Content starts
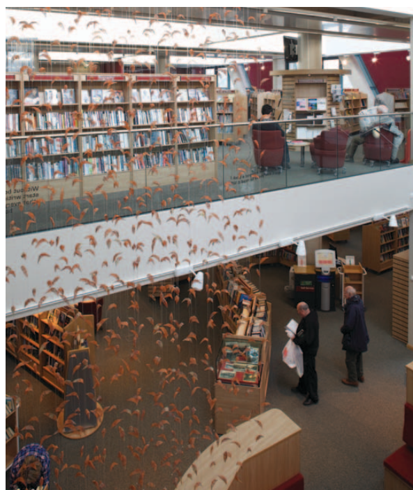
Paignton Library, Torbay.

So, it is time to re-assert the value, role and purpose of public libraries and point to how they can respond to change in order to remain at the heart of the community.
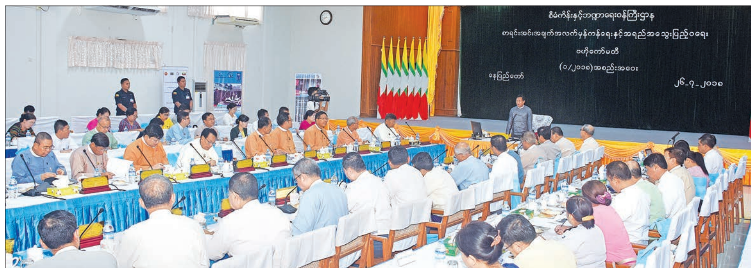
Vice President U Henry Van Thio delivers the speech at the statistics central committee's meeting 1/2018 in Nay Pyi Taw yesterday.

Accurate statistics are very important for developed countries as well as developing countries. Only when the quality of the national statistics is good can the policy makers, private businesses and socio-economic researchers obtain facts to set up policies and projects that create a good economic environment. Resources can be effectively divided and monitoring of projects can be conducted. If there is a need to amend policy, better amendments can be conducted. As business persons are investing based on
Content ends
▶ **Exercise directions**: Starting with the first line of the data, transcribe every line exactly through the one containing "Vice President U". No pictures go in.

▶ **Completed exercise**:
Paignton Library, Torbay.

So, it is time to re-assert the value, role and purpose of public libraries and point to how they can respond to change in order to remain at the heart of the community.
Vice President U Henry Van Thio delivers the speech at the statistics central committee's meeting 1/2018 in Nay Pyi Taw yesterday.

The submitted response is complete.